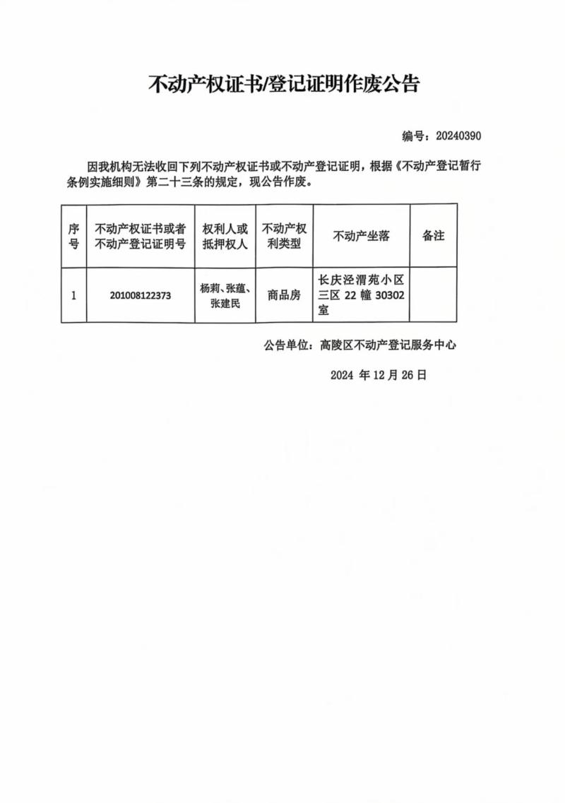 楊莉、張蘊、張建民不動產權證書/登記證明作廢公告,編號:20240390
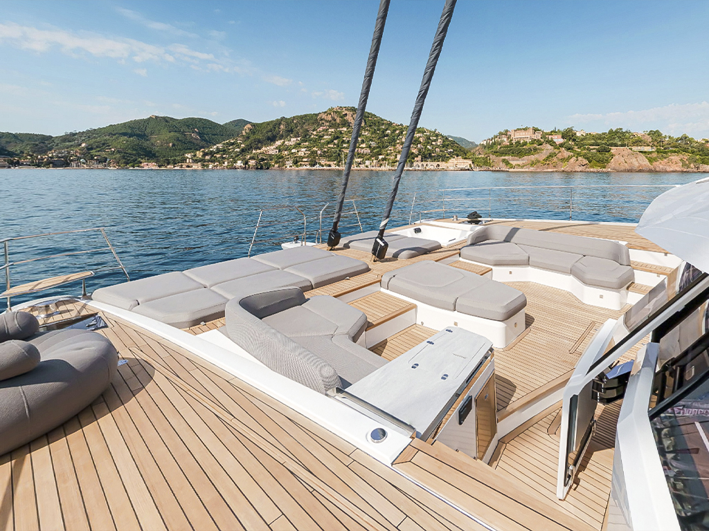 - Generous living space: With a length of 24 meters, the Thíra 80 offers spacious indoor and outdoor areas. The well thought-out layout allows for a luxurious lifestyle on board, from the comfortable cabins to the stylish saloon where you can enjoy the panoramic sea view.
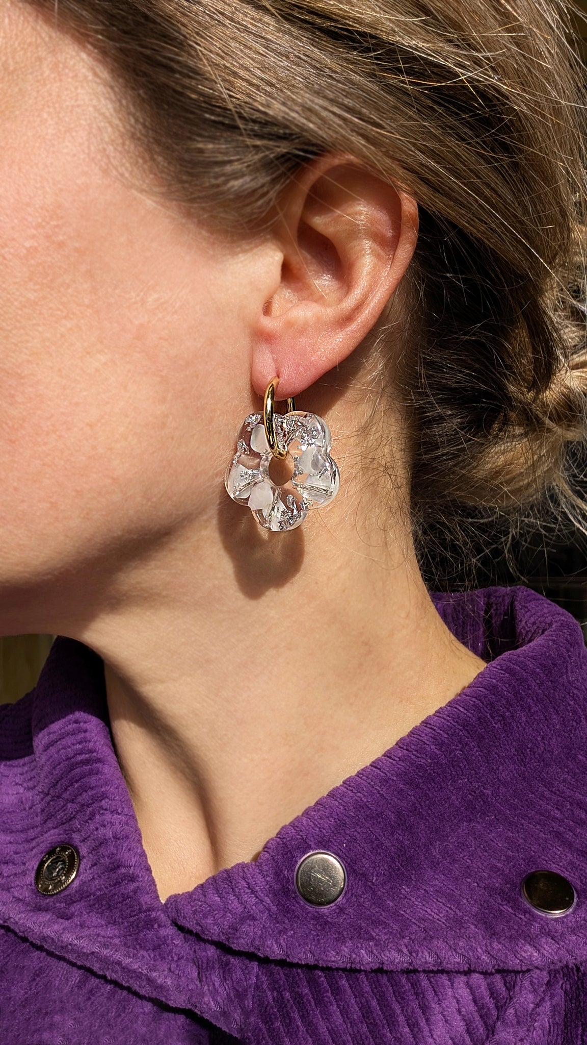 Paire de boucles d'oreilles en résine contenant des pépites de coquillages nacrés, feuille d'argent et perles tubes argentées.
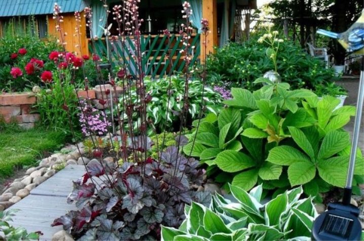 المحاصيل متوسطة الحجم التي تعيش في المناطق الظليلة كثيرة جدًا – ويحتل المضيفون مكانًا مهمًا بينهم. عند الوقوف أمام نباتات كبيرة الحجم ، ستُنظر إلى هذه النباتات جذابة للغاية ، وتتباهى بأوراق لامعة من جميع أنواع التكوين. تتمتع Hosta بأعلى الصفات الزخرفية للألوان الأبيض والأخضر والذهبي ؛ تربية متنوعة متنوعة, سوف تحتاج إلى تزويدها بمزيد من الإضاءة. الخيارات المثلى للتركيبات – القرمزية اليابانية ، نشرة حريش وغيرها من السراخس ذات الارتفاع المعتدل.
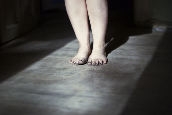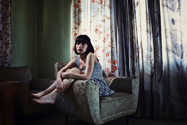 1 张 红色灯光下的妇女人像
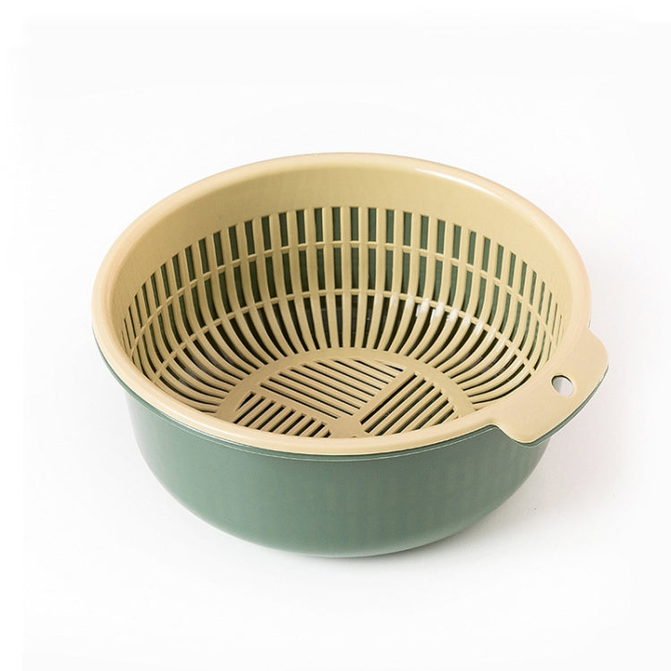 Double-Layer Hollow Fruit & Vegetable Drain Basket Household Plastic Vegetable Washing Basket, Size:Large(Green)
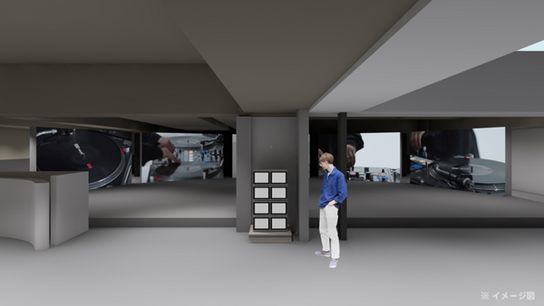「DJ Matsunaga Routines for Ginza Sony Park」では世界最大規模のDJ大会「DMC WORLD DJ CHAMPIONSHIPS 2019」で優勝したワールドチャンピオンであるDJ松永のプレイを、今回のプログラムのために撮り下ろした通常は見ることのできない様々なアングルの映像を公開。約170インチ相当のスクリーン5面で構成された体験空間で、DJ松永のダイナミックでテクニカルなDJプレイを体感できる。
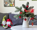 Стать центром притяжения гостиной может даже совсем маленькая елочка. Разместите ее на придиванном столике в центре комнаты. Кроме этого, можно задействовать прикроватную тумбу или комод в спальне — просыпаться и вдыхать хвойный аромат будет особенно приятно. И, конечно, мини-деревце можно поставить на консоль в прихожей.
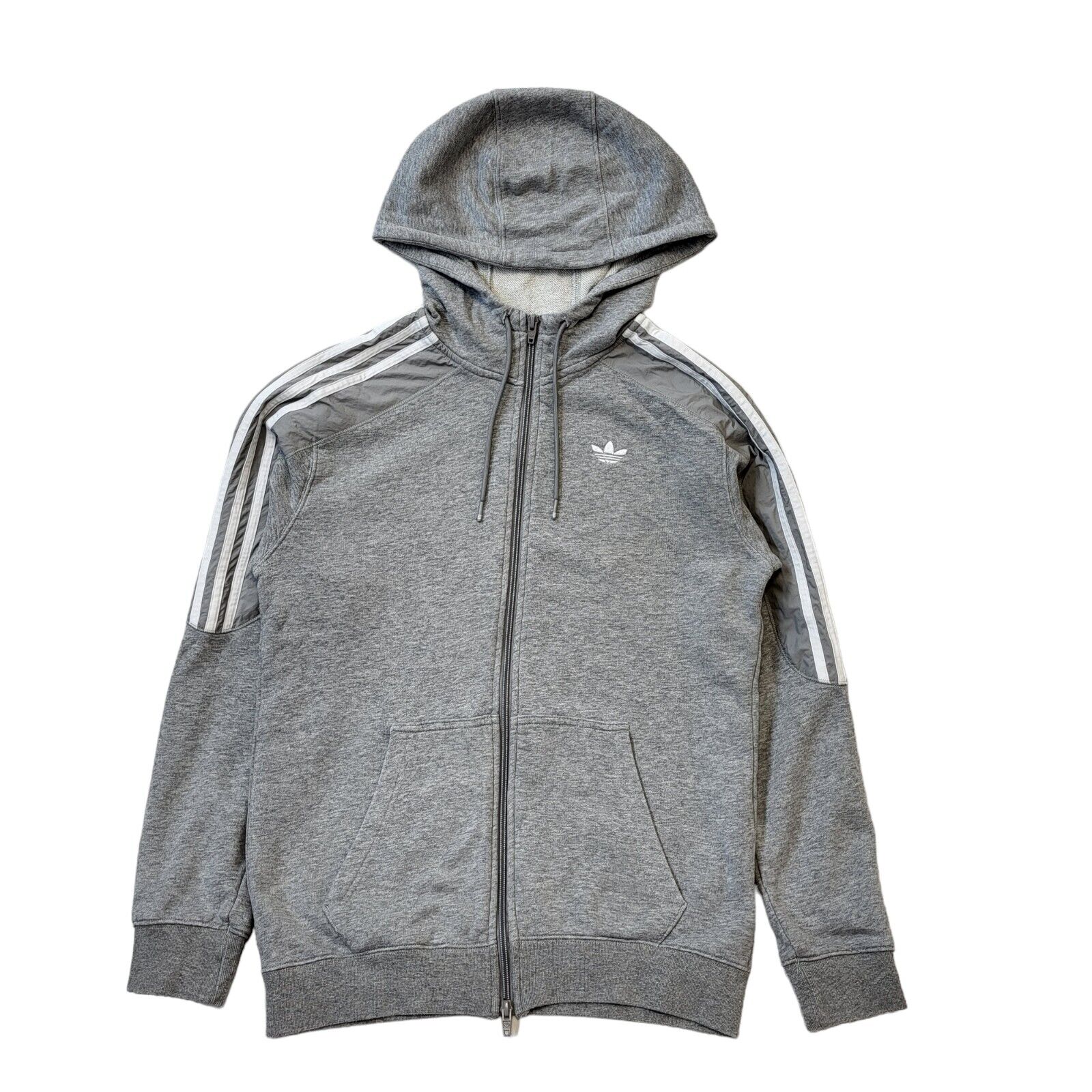 Adidas Grey Drawstring Zipped Sweatshirt Hoodie Uk Men's Small G475
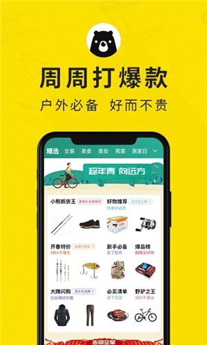 小熊探秘app聚集26年户外产业资源,为喜欢钓鱼、登山、骑行、滑雪、徒步、游泳等户外E族们提供的电商平台。

(Task to complete): Leave out every picture, and copy exactly the lines from the line that contains "- Generous living" through the end of the material.

(Response):
 - Generous living space: With a length of 24 meters, the Thíra 80 offers spacious indoor and outdoor areas. The well thought-out layout allows for a luxurious lifestyle on board, from the comfortable cabins to the stylish saloon where you can enjoy the panoramic sea view.
 Paire de boucles d'oreilles en résine contenant des pépites de coquillages nacrés, feuille d'argent et perles tubes argentées.
 المحاصيل متوسطة الحجم التي تعيش في المناطق الظليلة كثيرة جدًا – ويحتل المضيفون مكانًا مهمًا بينهم. عند الوقوف أمام نباتات كبيرة الحجم ، ستُنظر إلى هذه النباتات جذابة للغاية ، وتتباهى بأوراق لامعة من جميع أنواع التكوين. تتمتع Hosta بأعلى الصفات الزخرفية للألوان الأبيض والأخضر والذهبي ؛ تربية متنوعة متنوعة, سوف تحتاج إلى تزويدها بمزيد من الإضاءة. الخيارات المثلى للتركيبات – القرمزية اليابانية ، نشرة حريش وغيرها من السراخس ذات الارتفاع المعتدل.
 1 张 红色灯光下的妇女人像
 Double-Layer Hollow Fruit & Vegetable Drain Basket Household Plastic Vegetable Washing Basket, Size:Large(Green)
「DJ Matsunaga Routines for Ginza Sony Park」では世界最大規模のDJ大会「DMC WORLD DJ CHAMPIONSHIPS 2019」で優勝したワールドチャンピオンであるDJ松永のプレイを、今回のプログラムのために撮り下ろした通常は見ることのできない様々なアングルの映像を公開。約170インチ相当のスクリーン5面で構成された体験空間で、DJ松永のダイナミックでテクニカルなDJプレイを体感できる。
 Стать центром притяжения гостиной может даже совсем маленькая елочка. Разместите ее на придиванном столике в центре комнаты. Кроме этого, можно задействовать прикроватную тумбу или комод в спальне — просыпаться и вдыхать хвойный аромат будет особенно приятно. И, конечно, мини-деревце можно поставить на консоль в прихожей.
 Adidas Grey Drawstring Zipped Sweatshirt Hoodie Uk Men's Small G475
 小熊探秘app聚集26年户外产业资源,为喜欢钓鱼、登山、骑行、滑雪、徒步、游泳等户外E族们提供的电商平台。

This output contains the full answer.